# Moving a carboy



## arh13p (May 12, 2013)

I will be moving into a new home in three weeks. I have four 5 gal carboys already cleared and bulk aging. Is there a problem with racking the week I am going to leave then moving them to the new location to finish aging? What should I do?


----------



## olusteebus (May 12, 2013)

I think that would be bes assuming all fermentation has stopped. If it has cleared to the point that it has no sediment, I wouldn't bother.


----------



## vacuumpumpman (May 12, 2013)

arh13p said:


> I will be moving into a new home in three weeks. I have four 5 gal carboys already cleared and bulk aging.
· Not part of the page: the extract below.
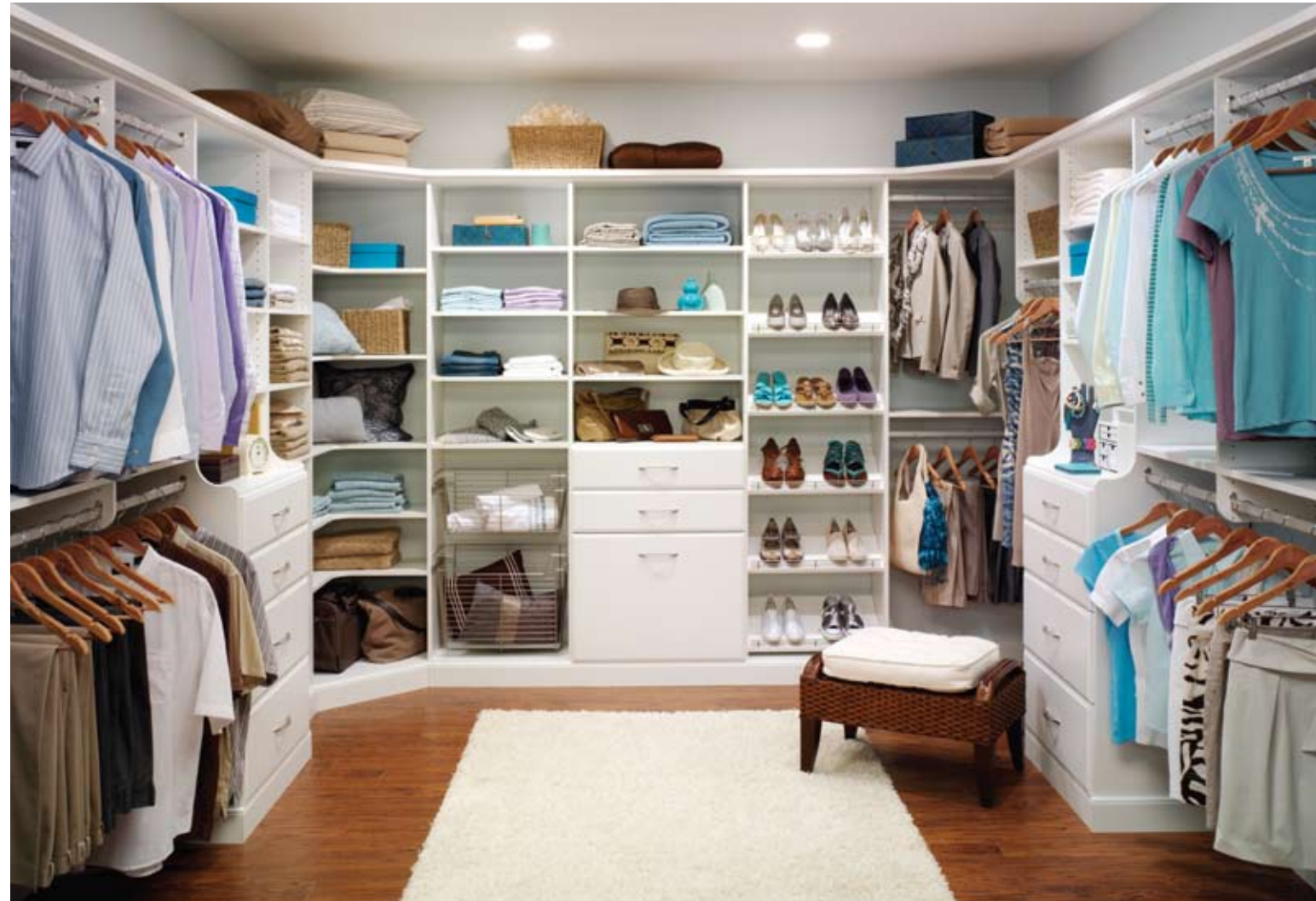
Shown in White.

Is there a problem with racking the week I am going to leave then moving them to the new location to finish aging? What should I do?



I like the idea of racking prior to leaving - any sediment in the wine will definitely be disturbed while traveling. 
You need to explain a little more - 
like are you personally traveling with them or a moving company
how long is the trip - and where - the moving van will get quite hot during the day and will bounce around alot more due to the stiffness in suspension.
How are you planning on insulating the carboys -?


----------



## arh13p (May 12, 2013)

I am only moving 15 minutes away. The wine is at 66 degrees and I am moving my self. . I plan to just put in my vehicle and drive the to the new location. 20 minutes top


----------



## vacuumpumpman (May 12, 2013)

arh13p said:


> I am only moving 15 minutes away. The wine is at 66 degrees and I am moving my self. . I plan to just put in my vehicle and drive the to the new location. 20 minutes top




Just wrap them well - so they don't hit each other or anything else and treat them like newborn babies and you will be fine.


----------



## JohnT (May 13, 2013)

Just to add to what the others have said...
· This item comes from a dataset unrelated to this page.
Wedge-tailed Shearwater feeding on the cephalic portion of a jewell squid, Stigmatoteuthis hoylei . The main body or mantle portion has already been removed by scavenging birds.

I would get a number of #16 tapered cork stoppers. they are inexpensive and would work better than a fermentation trap during transport.

johnT.


----------



## Dugger (May 13, 2013)

An alternative to the cork stoppers suggested by John would be water bottle caps (the 5 gal bottles). I use these on my empty carboys when they are sitting with kmeta in them. They seal well and are usually readily available for little or no cost.


----------



## dessertmaker (May 13, 2013)

Water bottle caps? Tell me about these caps? Do they work with 5 gallon better bottles?


----------



## Dugger (May 13, 2013)

These are the caps used on the large bottles of water sold by many vendors. They fit glass carboys but would be too small for a better bottle - I think they take something like a number 11 bung vs a no. 6.5/7 for glass.
These are the two types I use.


----------



## wineon4 (May 13, 2013)

A great way to degas, Just had to say it HAHA.


----------



## pjd (May 13, 2013)

Just put a solid stopper in or a carboy cap and go ahead and move them. I moved a port that i've been working on from Florida to Pennsylvania with no ill effects. It was a 5 gallon carboy and it fit perfectly into a 6 gallon juice bucket. You might want to fit them into a milk crate or bucket to protect them from bumping into something.


----------